Cognitive game focused on reaction time with auto-adjusting difficulty Maryam Sadat Ashena · Bachelor's of Computer Science · June 2026
This system was designed for clinicians and their patients for a fully transparent and explainable Go-NoGo game based on the SART research. It presents a detailed telemetry for each session while estimating the player's state of alertness and adapting the difficulty accordingly.
main.py # Main Game + Metrics Engine
behavioral_state_estimator.py # Estimates the player's live state
adaptation_policy_engine.py # Adapts difficulty based on telemetry and the player's state
generate_plots.py # Plots telemetry features
neurogrid_config.json # A configuration file to set the base values
sustain_replay_analysis.md # Replay analysis behind the sustain_required setting
test_behavioral_state_estimator.py # Unit tests for the estimator
test_adaptation_policy_engine.py # Unit tests for the policy engine
Needs Python 3.10+, pygame, and matplotlib (pip install pygame matplotlib).
Make sure all files are in the same folder, run main.py, enter name and session ID and the game starts.

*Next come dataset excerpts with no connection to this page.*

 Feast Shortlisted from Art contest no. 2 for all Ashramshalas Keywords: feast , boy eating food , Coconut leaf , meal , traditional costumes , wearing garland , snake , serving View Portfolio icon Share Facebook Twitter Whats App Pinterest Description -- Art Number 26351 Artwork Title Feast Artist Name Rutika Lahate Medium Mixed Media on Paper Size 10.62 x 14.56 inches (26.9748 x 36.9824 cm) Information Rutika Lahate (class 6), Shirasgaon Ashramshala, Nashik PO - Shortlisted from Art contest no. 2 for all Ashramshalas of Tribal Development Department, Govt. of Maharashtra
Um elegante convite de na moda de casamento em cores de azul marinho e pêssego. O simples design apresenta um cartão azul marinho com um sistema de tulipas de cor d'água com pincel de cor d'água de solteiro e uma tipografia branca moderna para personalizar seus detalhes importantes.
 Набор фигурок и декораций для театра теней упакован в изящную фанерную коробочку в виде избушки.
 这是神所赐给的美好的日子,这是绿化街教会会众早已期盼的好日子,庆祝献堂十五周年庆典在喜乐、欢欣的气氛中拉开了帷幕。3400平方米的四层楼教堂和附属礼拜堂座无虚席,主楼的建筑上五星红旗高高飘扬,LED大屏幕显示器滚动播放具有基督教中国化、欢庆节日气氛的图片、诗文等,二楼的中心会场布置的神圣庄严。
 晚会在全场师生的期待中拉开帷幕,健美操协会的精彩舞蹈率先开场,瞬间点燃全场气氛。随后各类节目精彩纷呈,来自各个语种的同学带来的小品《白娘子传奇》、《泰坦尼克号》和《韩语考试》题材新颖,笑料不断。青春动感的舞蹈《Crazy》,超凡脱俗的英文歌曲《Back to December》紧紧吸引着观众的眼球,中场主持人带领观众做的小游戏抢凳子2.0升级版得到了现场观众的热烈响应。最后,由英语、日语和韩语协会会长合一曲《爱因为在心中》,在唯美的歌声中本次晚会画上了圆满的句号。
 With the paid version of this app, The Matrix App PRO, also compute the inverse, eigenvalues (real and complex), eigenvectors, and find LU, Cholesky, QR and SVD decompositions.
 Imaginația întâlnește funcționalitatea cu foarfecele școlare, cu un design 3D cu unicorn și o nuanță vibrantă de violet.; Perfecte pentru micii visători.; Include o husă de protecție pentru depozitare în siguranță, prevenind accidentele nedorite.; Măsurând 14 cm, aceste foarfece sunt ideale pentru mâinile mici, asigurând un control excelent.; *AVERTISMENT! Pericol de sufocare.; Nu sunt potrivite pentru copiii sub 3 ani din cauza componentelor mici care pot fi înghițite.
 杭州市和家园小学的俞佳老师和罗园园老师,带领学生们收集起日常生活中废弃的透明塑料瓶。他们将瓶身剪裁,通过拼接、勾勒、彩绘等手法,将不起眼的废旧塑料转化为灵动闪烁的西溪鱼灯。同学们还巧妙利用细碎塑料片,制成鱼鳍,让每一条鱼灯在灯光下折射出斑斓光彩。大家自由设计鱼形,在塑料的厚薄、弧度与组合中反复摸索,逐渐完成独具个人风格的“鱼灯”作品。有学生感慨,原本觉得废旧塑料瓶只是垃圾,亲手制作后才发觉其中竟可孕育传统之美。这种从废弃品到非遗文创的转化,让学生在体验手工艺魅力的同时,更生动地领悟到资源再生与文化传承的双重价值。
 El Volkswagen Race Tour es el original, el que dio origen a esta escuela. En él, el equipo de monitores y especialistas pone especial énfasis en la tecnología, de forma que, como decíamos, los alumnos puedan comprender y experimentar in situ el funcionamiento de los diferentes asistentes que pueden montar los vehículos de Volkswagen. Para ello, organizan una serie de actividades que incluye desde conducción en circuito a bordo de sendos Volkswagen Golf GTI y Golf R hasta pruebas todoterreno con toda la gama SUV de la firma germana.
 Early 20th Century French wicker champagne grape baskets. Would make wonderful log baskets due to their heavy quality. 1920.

Use "P" for pause and "Q" for quit.
To run the test suite:
python -m unittest test_behavioral_state_estimator.py test_adaptation_policy_engine.py| File | Contents |
|---|---|
experimental_scorecard_summary.json |
The full per-session summary — completeness check, pauses, baseline, performance, vigilance profile, co-occurring states, alerts |
trial_summary_telemetry.csv |
One row per trial — outcome, RT, press counts |
raw_event_telemetry.csv |
Every event with a millisecond-precision timestamp |
estimator_trace.csv |
The estimator's output per trial — problem state, evidence, headroom, confidence |
policy_trace.csv |
Every knob change the policy made, with the reason and trigger |
How to generate plots from a session:
python generate_plots.py <file_prefix><file_prefix> is the shared prefix on all the files from one session, e.g.
sub-Mary_ses-001_20260620_073815_.
NeuroGrid is a Go/No-Go task based on the Sustained Attention to Response Task (SART). 75% of trials are Go (press space), 25% are No-Go (withhold). The stimulus always appears in the same spot on screen, so spatial attention isn't a factor — only sustained attention and inhibition are being measured.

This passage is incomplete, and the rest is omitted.